(Extracted data begins)
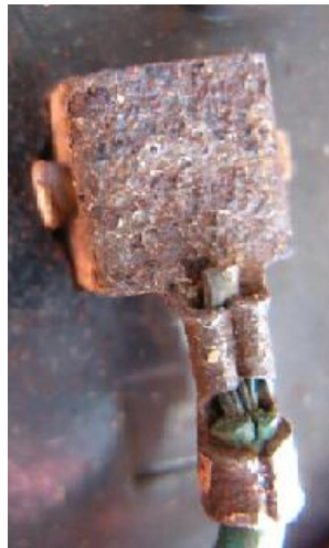
Sl.6. Pojava kontaktne korozije na spojnom dijelu [15].

Ako se u agresivnom mediju (elektrolitu) nalaze u dodiru dva metala različitih potencijala, doći će do stvaranja galvanskog članka, pri čemu će više korodirati onaj element koji se ponaša kao anoda tj. koji je u tom članku neplemenitiji. Kontaktna korozija uzrokovana je razlikom elektropotencijala dva metala, a njena brzina ovisi o vrsti materijala i vodljivosti medija. Tako npr. u normalnim uvjetima vlažne atmosfere u spoju bakra ili nikla i čelika, korodirati će čelik, a u spoju s cinkom korodirati će cink. A u oksidirajućoj otopini koja djeluje pasivirajuće, u spoju korozijski postojanog čelika i bakra korodirati će bakar [1].
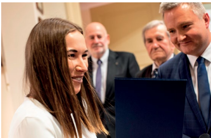
Kilka lat wytężonej nauki i... wreszcie jest!
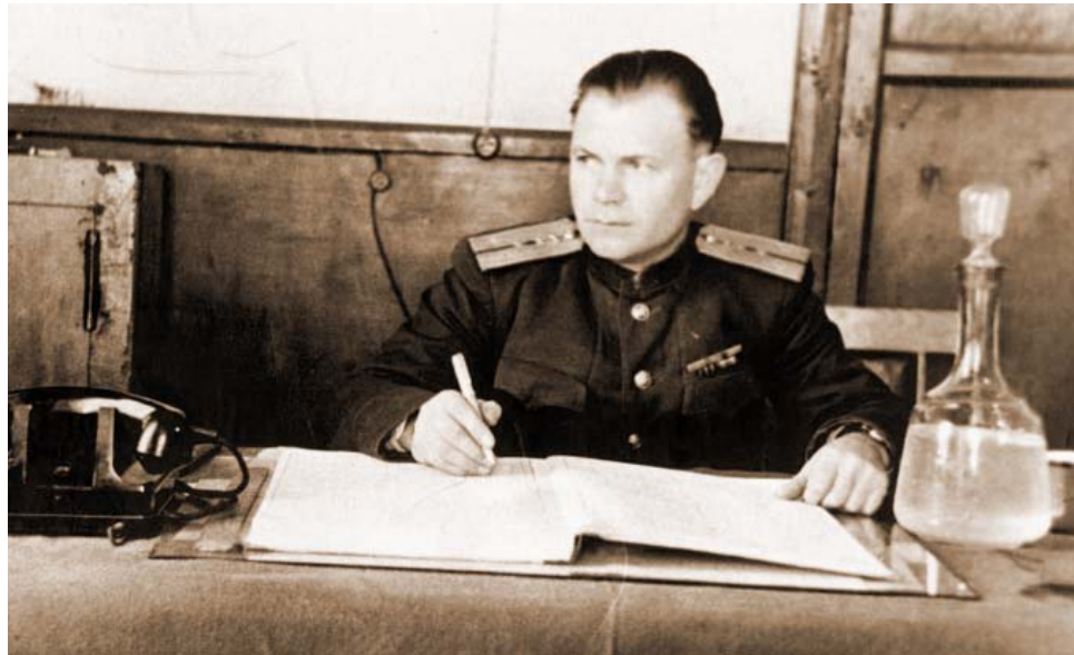
Начальник погранзаставы, г. Термез, Узбекистан, 1957 г.

Вот такой эпизод вспоминал отец из своей пограничной службы: «Турецкие войска уже стояли на границе в полной боевой готовности. Они рассчитывали взять Батуми за три дня. Поэтому перед выходом на границу все отряды предупредили, что любой выстрел на границе – это боевая тревога, при этом застава поднималась «в ружьё» и срочно сообщалось в Батуми, в пограничные войска и в войска дислоцирования. Однажды ночью я вышел с моим учеником (из раненых фронтовиков, которых из Батуми после выздоровления направляли в погранзаставы) на границу, определил его задачу и предупредил, что на границе есть медведь. Обычно он выходил из кустов, но людей не трогал, только сопровождал пограничников и норовил поиграть с ними. Вот этот медведь нас и встретил. И вот на рассвете слышу: щёлкает затвором мой ученик. Я не успел ему подать знак, как услышал выстрел, потом второй, и вижу: перед ним стоит ране-
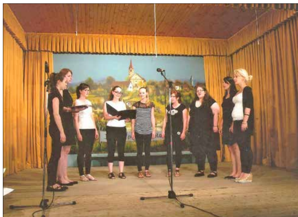
Na prireditvi je nastopila tudi dekliska lokalna skupina Mesečina.
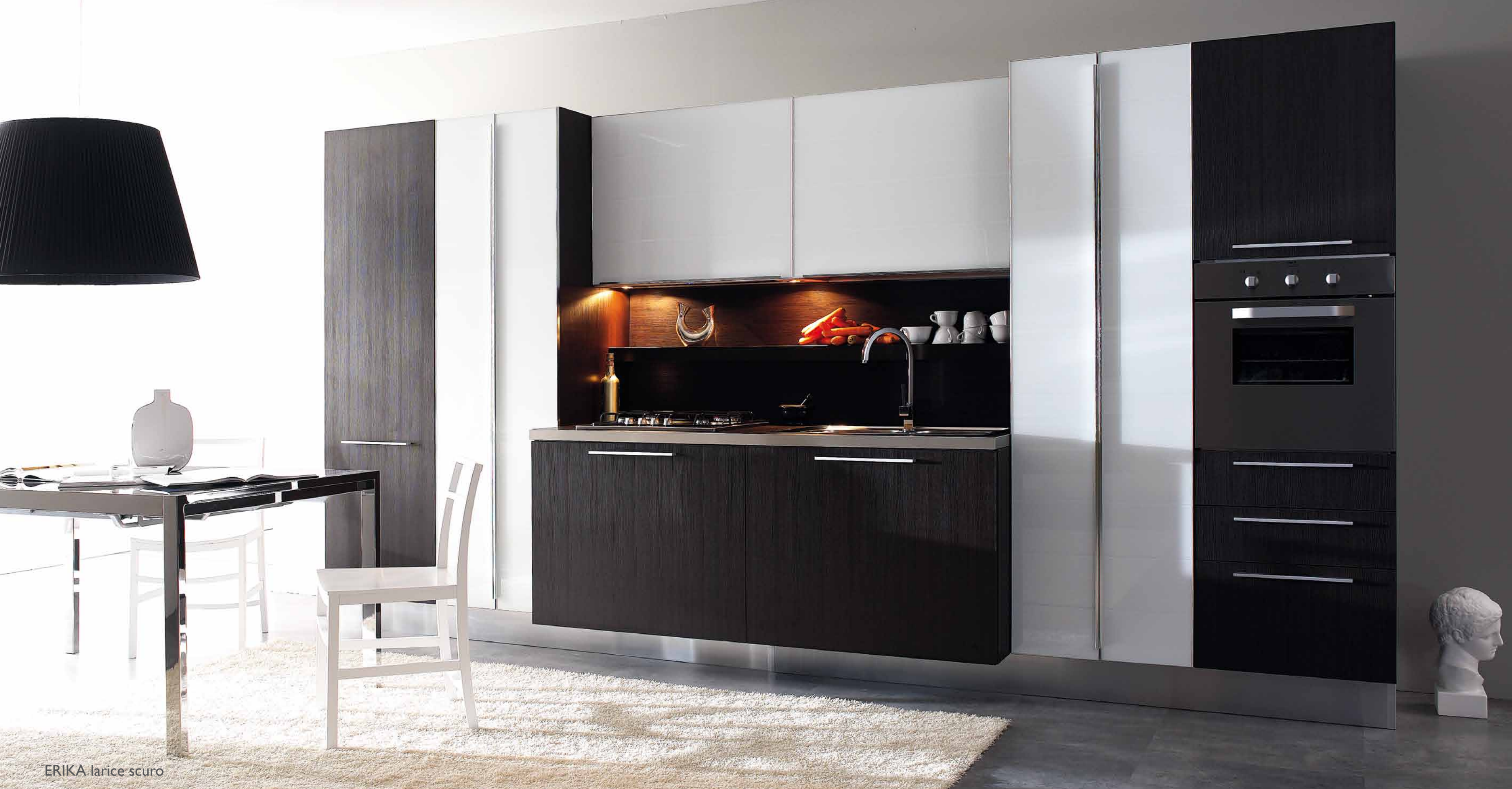
ERIKA larice scuro
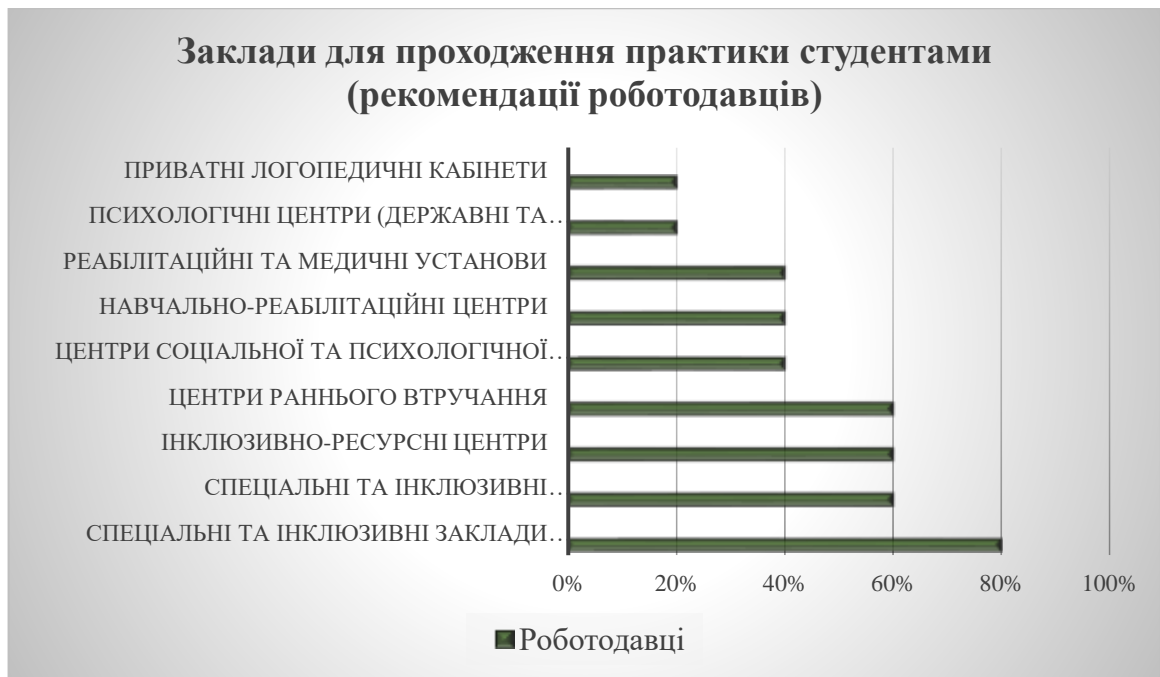
Рис.4. Рекомендовані роботодавцями заклади для проходження практики студентами

Серед рекомендованих закладів для проходження практики роботодавцям було запропоновано обрати такі: приватні логопедичні кабінети; психологічні центри (державні та приватні); реабілітаційні та медичні установи; навчально-реабілітаційні центри; центри соціальної та психологічної реабілітації дітей та молоді; центри раннього втручання; інклюзивно-ресурсні центри; спеціальні та інклюзивні загальноосвітні заклади; спеціальні та інклюзивні заклади дошкільної освіти.
(Extracted data ends)
What to produce
When you transcribe these entries, keep every word exact and drop the pictures.

Exercise output
Sl.6. Pojava kontaktne korozije na spojnom dijelu [15].

Ako se u agresivnom mediju (elektrolitu) nalaze u dodiru dva metala različitih potencijala, doći će do stvaranja galvanskog članka, pri čemu će više korodirati onaj element koji se ponaša kao anoda tj. koji je u tom članku neplemenitiji. Kontaktna korozija uzrokovana je razlikom elektropotencijala dva metala, a njena brzina ovisi o vrsti materijala i vodljivosti medija. Tako npr. u normalnim uvjetima vlažne atmosfere u spoju bakra ili nikla i čelika, korodirati će čelik, a u spoju s cinkom korodirati će cink. A u oksidirajućoj otopini koja djeluje pasivirajuće, u spoju korozijski postojanog čelika i bakra korodirati će bakar [1].
Kilka lat wytężonej nauki i... wreszcie jest!
Начальник погранзаставы, г. Термез, Узбекистан, 1957 г.

Вот такой эпизод вспоминал отец из своей пограничной службы: «Турецкие войска уже стояли на границе в полной боевой готовности. Они рассчитывали взять Батуми за три дня. Поэтому перед выходом на границу все отряды предупредили, что любой выстрел на границе – это боевая тревога, при этом застава поднималась «в ружьё» и срочно сообщалось в Батуми, в пограничные войска и в войска дислоцирования. Однажды ночью я вышел с моим учеником (из раненых фронтовиков, которых из Батуми после выздоровления направляли в погранзаставы) на границу, определил его задачу и предупредил, что на границе есть медведь. Обычно он выходил из кустов, но людей не трогал, только сопровождал пограничников и норовил поиграть с ними. Вот этот медведь нас и встретил. И вот на рассвете слышу: щёлкает затвором мой ученик. Я не успел ему подать знак, как услышал выстрел, потом второй, и вижу: перед ним стоит ране-
Na prireditvi je nastopila tudi dekliska lokalna skupina Mesečina.
ERIKA larice scuro
Рис.4. Рекомендовані роботодавцями заклади для проходження практики студентами

Серед рекомендованих закладів для проходження практики роботодавцям було запропоновано обрати такі: приватні логопедичні кабінети; психологічні центри (державні та приватні); реабілітаційні та медичні установи; навчально-реабілітаційні центри; центри соціальної та психологічної реабілітації дітей та молоді; центри раннього втручання; інклюзивно-ресурсні центри; спеціальні та інклюзивні загальноосвітні заклади; спеціальні та інклюзивні заклади дошкільної освіти.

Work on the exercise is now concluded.